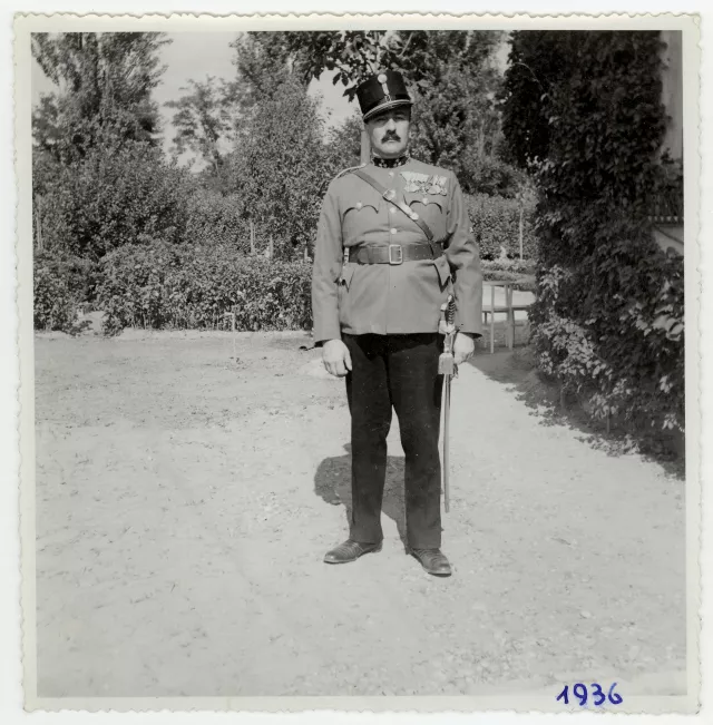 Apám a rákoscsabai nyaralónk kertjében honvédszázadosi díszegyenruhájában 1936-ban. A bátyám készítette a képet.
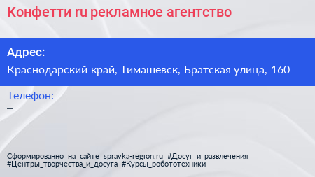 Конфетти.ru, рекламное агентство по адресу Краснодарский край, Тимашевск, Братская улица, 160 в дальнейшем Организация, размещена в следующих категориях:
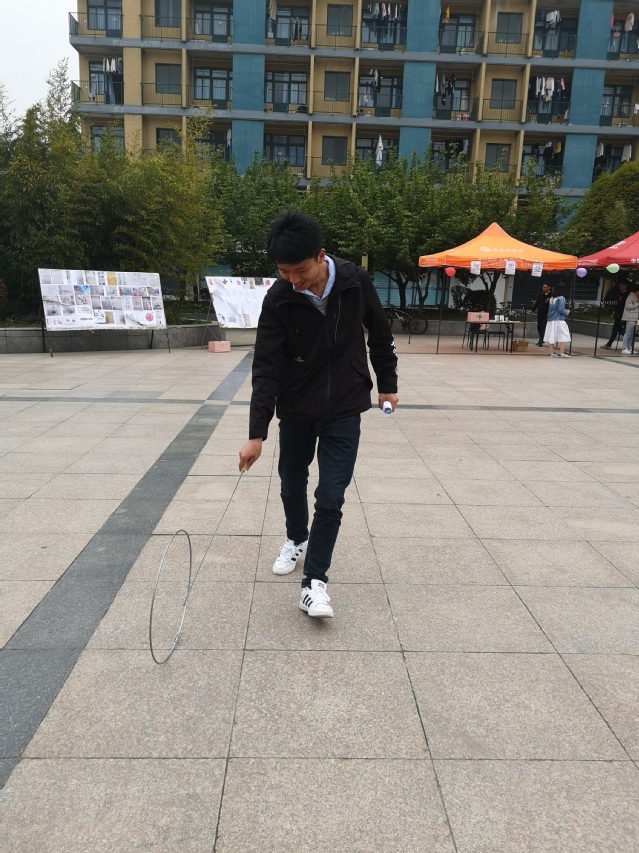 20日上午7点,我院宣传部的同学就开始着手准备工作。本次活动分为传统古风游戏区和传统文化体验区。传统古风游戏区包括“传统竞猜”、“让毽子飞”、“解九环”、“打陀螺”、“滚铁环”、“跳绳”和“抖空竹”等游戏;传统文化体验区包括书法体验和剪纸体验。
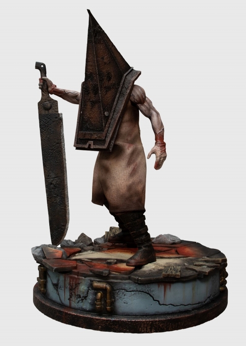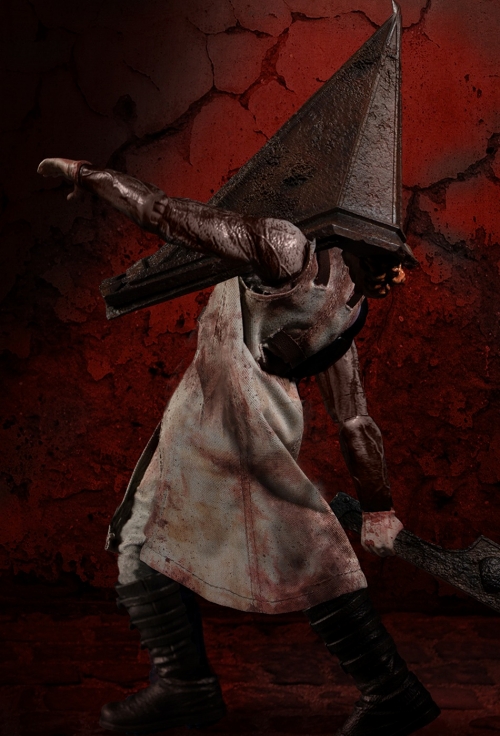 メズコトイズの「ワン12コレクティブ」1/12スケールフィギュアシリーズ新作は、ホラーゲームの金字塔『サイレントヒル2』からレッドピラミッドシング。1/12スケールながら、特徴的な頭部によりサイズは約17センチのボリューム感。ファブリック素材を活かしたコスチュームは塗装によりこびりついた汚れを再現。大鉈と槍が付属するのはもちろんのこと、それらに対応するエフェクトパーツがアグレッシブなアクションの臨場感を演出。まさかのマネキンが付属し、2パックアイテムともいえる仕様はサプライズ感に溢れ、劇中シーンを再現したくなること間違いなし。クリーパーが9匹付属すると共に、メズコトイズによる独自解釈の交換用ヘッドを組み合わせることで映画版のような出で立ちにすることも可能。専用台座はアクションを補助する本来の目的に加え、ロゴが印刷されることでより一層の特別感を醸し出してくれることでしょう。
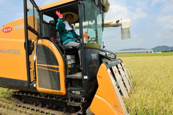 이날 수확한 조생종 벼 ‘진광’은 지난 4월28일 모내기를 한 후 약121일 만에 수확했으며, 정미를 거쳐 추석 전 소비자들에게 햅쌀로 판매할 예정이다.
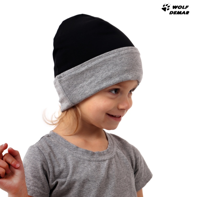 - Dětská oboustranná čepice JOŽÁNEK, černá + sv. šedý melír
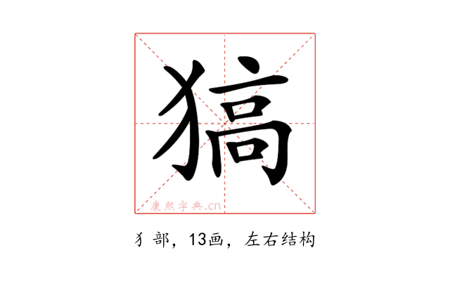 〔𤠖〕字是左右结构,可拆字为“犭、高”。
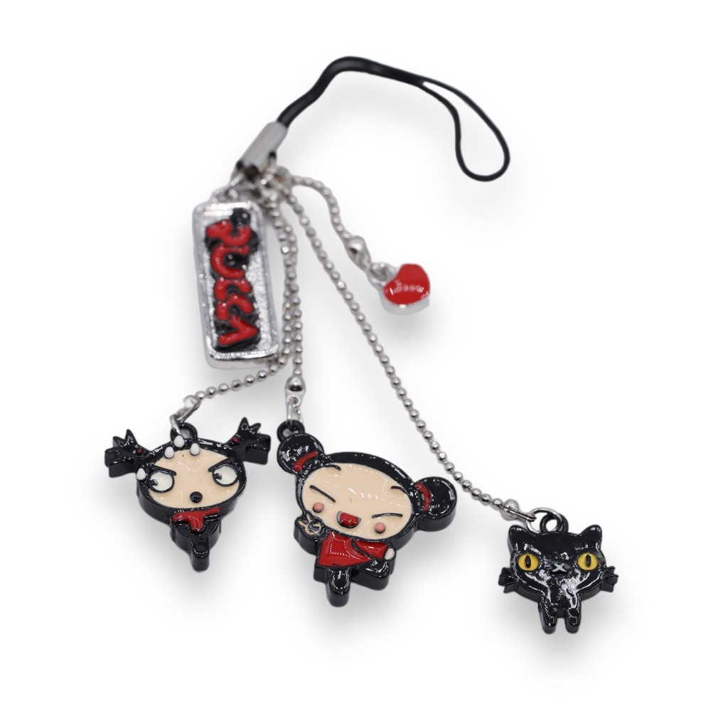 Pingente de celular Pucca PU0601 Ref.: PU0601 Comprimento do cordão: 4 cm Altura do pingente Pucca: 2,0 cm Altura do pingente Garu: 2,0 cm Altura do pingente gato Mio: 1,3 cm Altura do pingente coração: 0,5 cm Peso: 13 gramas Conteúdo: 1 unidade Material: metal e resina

...

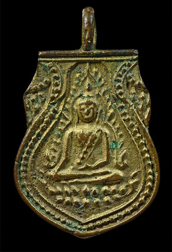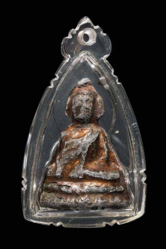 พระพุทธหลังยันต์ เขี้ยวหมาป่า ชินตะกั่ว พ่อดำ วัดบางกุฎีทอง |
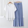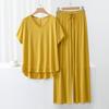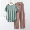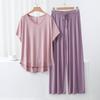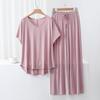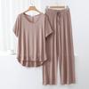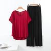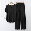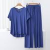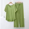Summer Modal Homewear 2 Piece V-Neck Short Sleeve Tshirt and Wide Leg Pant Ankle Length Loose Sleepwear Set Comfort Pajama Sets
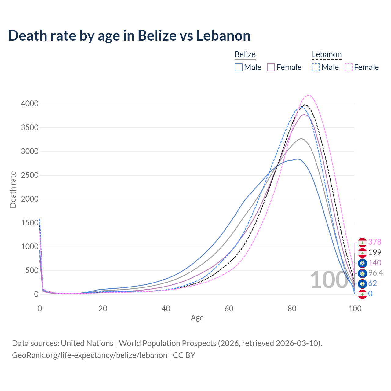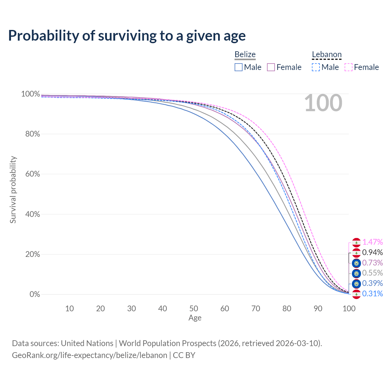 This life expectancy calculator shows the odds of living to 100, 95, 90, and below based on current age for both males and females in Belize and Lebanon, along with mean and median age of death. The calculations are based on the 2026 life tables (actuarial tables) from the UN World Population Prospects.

Task to complete - Everything above from the line containing "20日上午7点,我院宣传部的" down to the line containing "Pingente de celular" is to be duplicated exactly, both lines included, and the pictures are to be omitted.

Written reply -
 20日上午7点,我院宣传部的同学就开始着手准备工作。本次活动分为传统古风游戏区和传统文化体验区。传统古风游戏区包括“传统竞猜”、“让毽子飞”、“解九环”、“打陀螺”、“滚铁环”、“跳绳”和“抖空竹”等游戏;传统文化体验区包括书法体验和剪纸体验。
 メズコトイズの「ワン12コレクティブ」1/12スケールフィギュアシリーズ新作は、ホラーゲームの金字塔『サイレントヒル2』からレッドピラミッドシング。1/12スケールながら、特徴的な頭部によりサイズは約17センチのボリューム感。ファブリック素材を活かしたコスチュームは塗装によりこびりついた汚れを再現。大鉈と槍が付属するのはもちろんのこと、それらに対応するエフェクトパーツがアグレッシブなアクションの臨場感を演出。まさかのマネキンが付属し、2パックアイテムともいえる仕様はサプライズ感に溢れ、劇中シーンを再現したくなること間違いなし。クリーパーが9匹付属すると共に、メズコトイズによる独自解釈の交換用ヘッドを組み合わせることで映画版のような出で立ちにすることも可能。専用台座はアクションを補助する本来の目的に加え、ロゴが印刷されることでより一層の特別感を醸し出してくれることでしょう。
 이날 수확한 조생종 벼 ‘진광’은 지난 4월28일 모내기를 한 후 약121일 만에 수확했으며, 정미를 거쳐 추석 전 소비자들에게 햅쌀로 판매할 예정이다.
 - Dětská oboustranná čepice JOŽÁNEK, černá + sv. šedý melír
 〔𤠖〕字是左右结构,可拆字为“犭、高”。
 Pingente de celular Pucca PU0601 Ref.: PU0601 Comprimento do cordão: 4 cm Altura do pingente Pucca: 2,0 cm Altura do pingente Garu: 2,0 cm Altura do pingente gato Mio: 1,3 cm Altura do pingente coração: 0,5 cm Peso: 13 gramas Conteúdo: 1 unidade Material: metal e resina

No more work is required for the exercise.